Despite these many crimes, the U.S. government has hardly uttered a protest. All we have done is issue the occasional Senate resolution bemoaning the problem. The only members of Congress who have spoken out are religious conservatives with links to evangelical religious groups that have been the targets of religious persecution in China. Aside from these few, the Democrats and mainstream Republicans have made a very poor showing. The issue deserves more vigorous attention than this. Not only is this an offense against human dignity, but also an impediment to social and political reform in China.

Politicians and academics are very fond of talking about fostering civil society to help create democracy and better societies; these churches have developed a vigorous and dynamic social network among their members despite the persecution of the government. Unlike political organizations that would surely be quickly and viciously squashed by the state, these churches present no clear threat to the government and could be the start of a much more vigorous civil society in China.

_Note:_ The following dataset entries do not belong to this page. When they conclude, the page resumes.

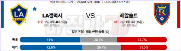 2026-04-27 MLS LA 갤럭시 리얼 솔트레이크 해외축구분석 무료중계 스포츠분석
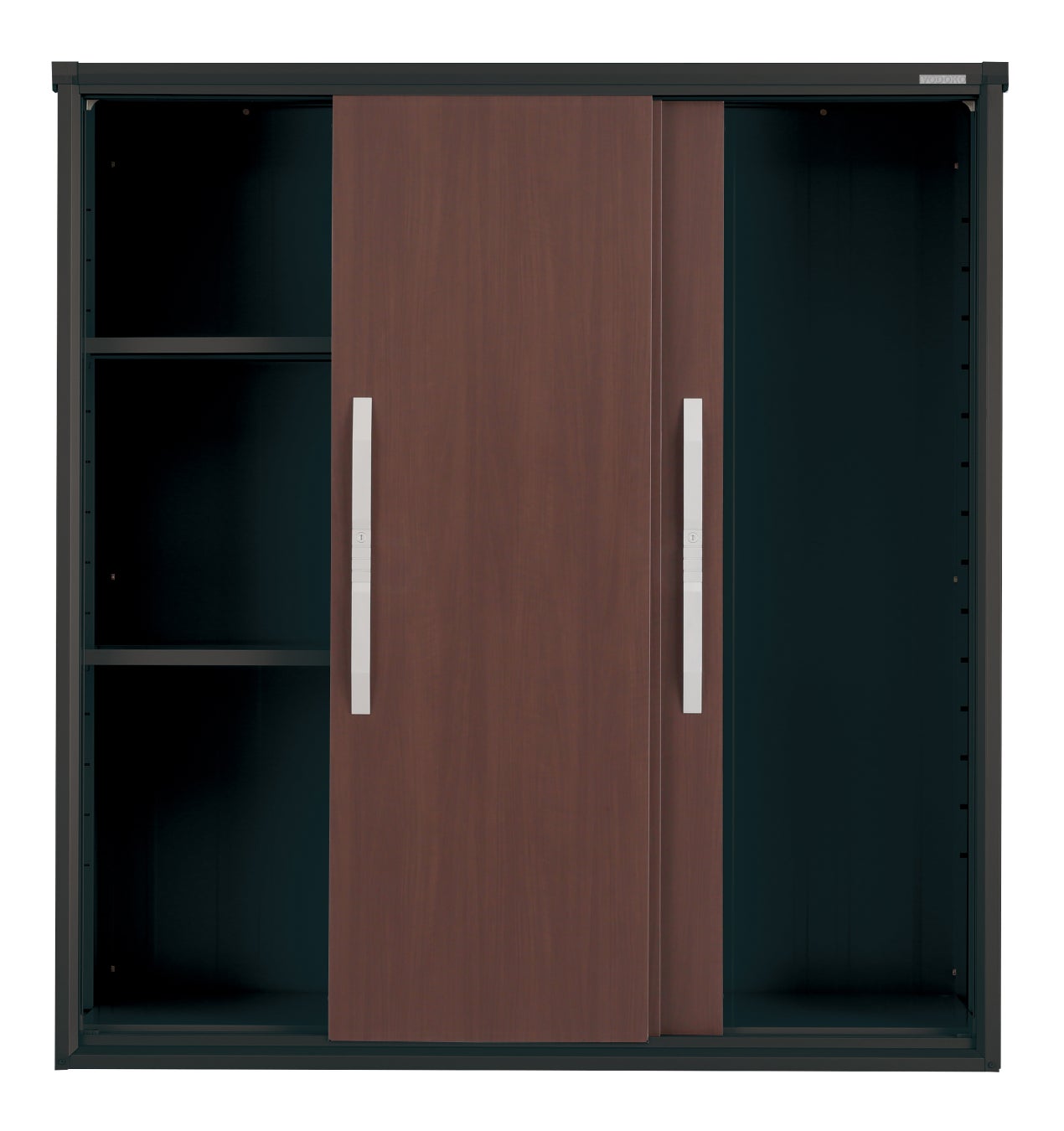 本体色はレザー調の塗装を施したマットな質感のブラック色で、シックな外観に仕上げました。内壁・天井・棚板・棚柱・床の内装もすべてブラック仕様です。大きく開いて出し入れしやすい3枚扉のカラーは、当社の鋼板印刷技術を生かした高級感のある木目調3色と住環境にマッチする落ち着いた3色の全6色からお選びいただけます。扉色「ウッディマロン(WM)」はブラックエスモ限定色です。
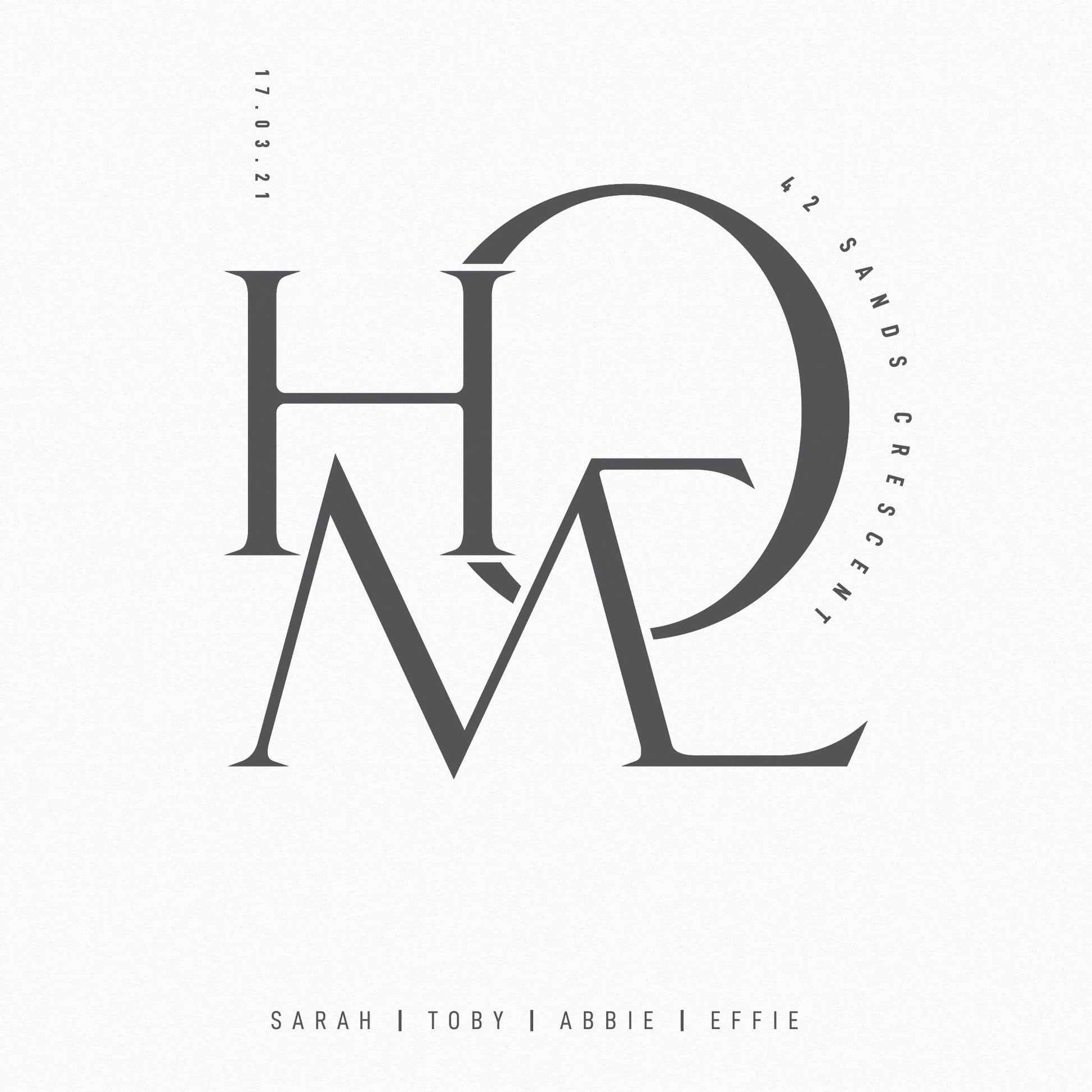 The letters on this personalised home print originated as a delicate serif typeface before being fragmented, modified and pieced back together to create this unique icon, which has been placed in the centre of the print to reflect the idea of the home being at the heart of our lives.

As in so many other things, a glance at Taiwan undercuts many of the Chinese government's arguments. Taiwan has consistently received unqualified praise in State department reports on religious freedom; independent religion has not somehow hurt patriotism or brought the country under the subtle influence of the Vatican, nor has Christianity displaced traditional religion.

Many have been reluctant to aggravate America's relationship with China by confronting the Chinese government. They argue that a confrontational stance would create antagonism that will prevent cooperation between the two countries. But religious freedom is not a core issue for the Chinese government. There is little to be gained by taking a firm and proud moral stance on democracy in China or Tibetan independence because the regime has so much tied up with those issues. But the mistreatment of Christians is not fundamental to the government's identity, nor does it present a clear and worrying danger as democratic reform would.

It is a peripheral issue, and by applying pressure the U.S. can make it clear that there is much to be lost by denying religious freedom, especially considering how little the Chinese government gains through their repression. The recent WTO negotiations would have been an ideal opportunity for the U.S. to make its feelings clear and link them to China's economic interests, instead of merely trying to exact concessions for well-connected economic sectors.

China's recent snub to the Vatican is a timely reminder of the Chinese government's unacceptable record on religious freedom, and it is an issue where the U.S. can actually have an impact. It is time for the U.S. to take a more vocal and vigorous stand to protect the rights and dignity of the religiously observant in China. In Imperial China, the government was at times open to and interested in the ideas of Jesuit missionaries; the U.S. must use its influence to move China's current government towards this tradition of tolerance and away from the cheap excuse of nationalism it now uses to rationalize repression.

Charles C. DeSimone '01 is a Crimson editor living in Dunster House.